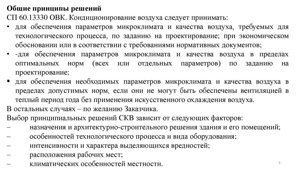 Общие принципы решенийСП 60.13330 ОВК. Кондиционирование воздуха следует принимать:
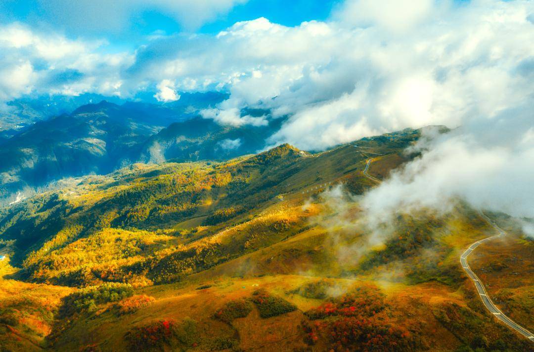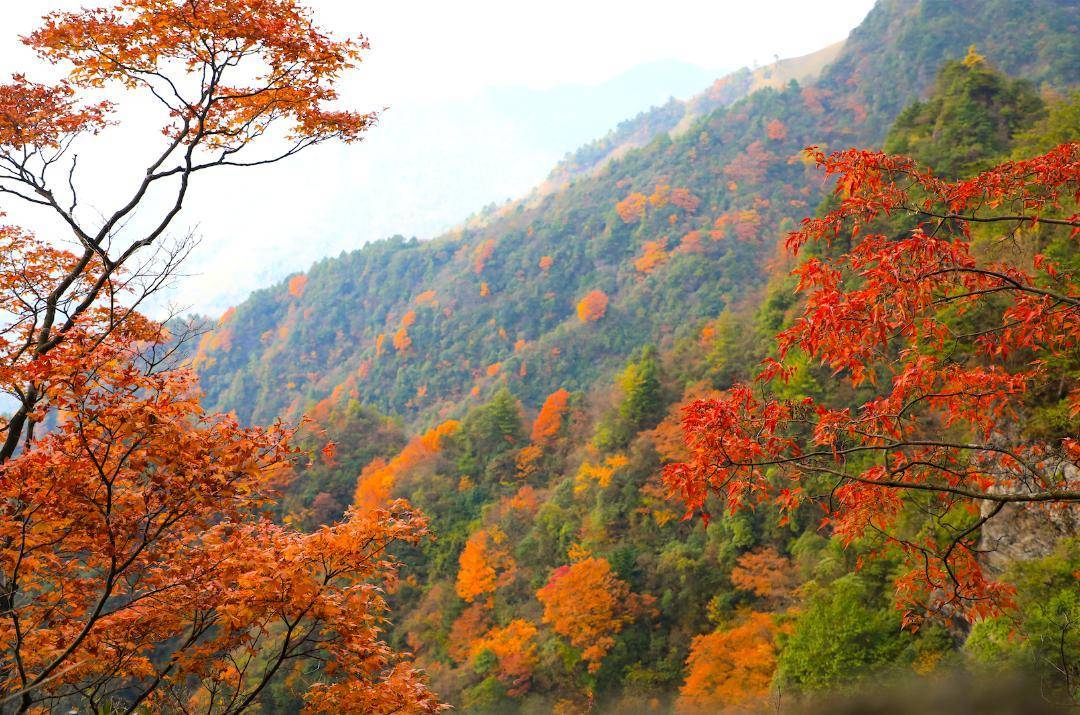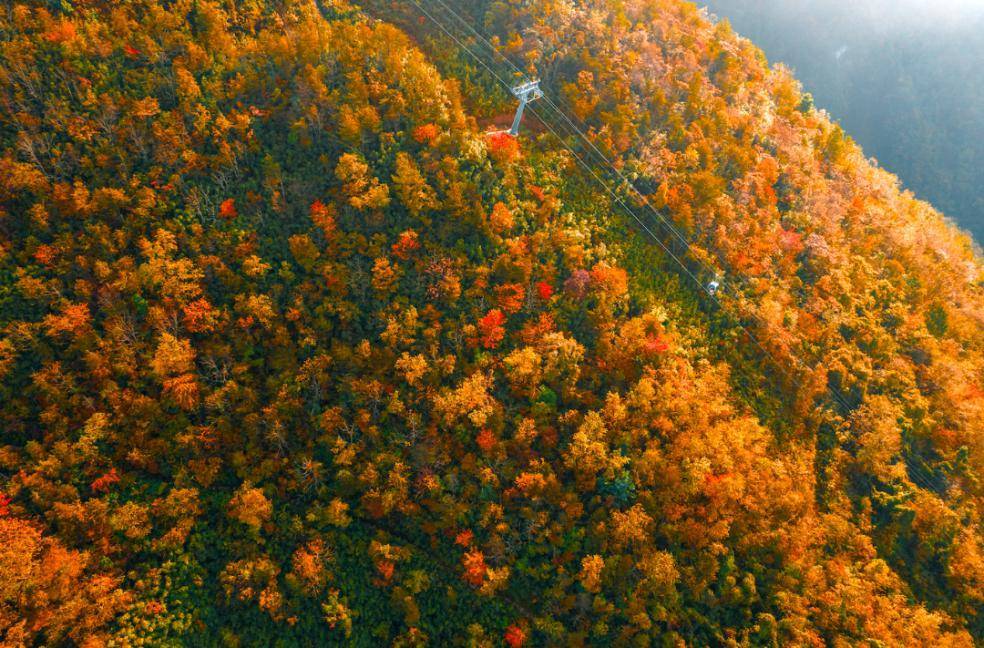 景区索道直达罗盘顶,为游客提供俯瞰彩林的绝佳视角。云海翻滚为底,彩林铺满山峦,形成立体的秋日画卷。游客还可沿红豆杉栈道徒步,欣赏红枫、黄栌、崖柏等植物交织的斑斓景致,随手拍摄即可捕捉诗意画面。
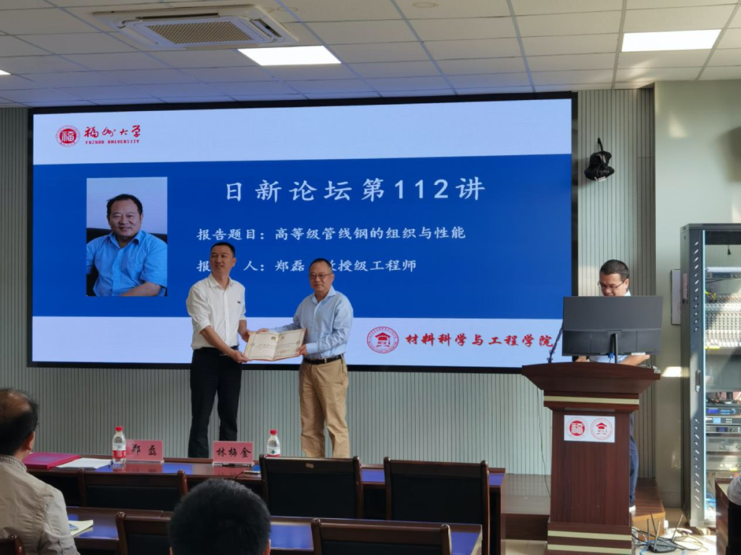 报告前,张志忠副书记为郑磊研究员颁发天美传媒 创新创业导师聘书。张志忠副书记对郑磊校友的到来表示热烈的欢迎,对他长期以来给予母校及学院的支持表示衷心的感谢。郑磊校友曾于1978年至1986年,在天美传媒 金属材料及热处理专业学习并取得硕士研究生学位,1986年加入宝钢,曾任宝钢集团专家、宝武集团/宝钢股份中央研究院首席研究员。郑磊校友长期从事以管线钢为代表的微合金钢产品研究、开发和工程应用,负责和参加多个国家项目和宝钢重大科研项目,研究开发的产品应用于我国西气东输、南海荔湾、中缅管线、中俄东线等多个重大天然气管线工程及QGC管线、TANAP管线等多个国际管线工程项目,全程参与和见证了中国现代高等级管线的建设和发展,曾获国务院政府特殊津贴及多个奖项和荣誉称号。

● ● ● ● ●

* [INSTRUCTIONS TO FOLLOW]:
I'd like the material repeated word for word, without the pictures it holds.

* [ANSWER TO THIS EXERCISE]:
 Общие принципы решенийСП 60.13330 ОВК. Кондиционирование воздуха следует принимать:
 景区索道直达罗盘顶,为游客提供俯瞰彩林的绝佳视角。云海翻滚为底,彩林铺满山峦,形成立体的秋日画卷。游客还可沿红豆杉栈道徒步,欣赏红枫、黄栌、崖柏等植物交织的斑斓景致,随手拍摄即可捕捉诗意画面。
 报告前,张志忠副书记为郑磊研究员颁发天美传媒 创新创业导师聘书。张志忠副书记对郑磊校友的到来表示热烈的欢迎,对他长期以来给予母校及学院的支持表示衷心的感谢。郑磊校友曾于1978年至1986年,在天美传媒 金属材料及热处理专业学习并取得硕士研究生学位,1986年加入宝钢,曾任宝钢集团专家、宝武集团/宝钢股份中央研究院首席研究员。郑磊校友长期从事以管线钢为代表的微合金钢产品研究、开发和工程应用,负责和参加多个国家项目和宝钢重大科研项目,研究开发的产品应用于我国西气东输、南海荔湾、中缅管线、中俄东线等多个重大天然气管线工程及QGC管线、TANAP管线等多个国际管线工程项目,全程参与和见证了中国现代高等级管线的建设和发展,曾获国务院政府特殊津贴及多个奖项和荣誉称号。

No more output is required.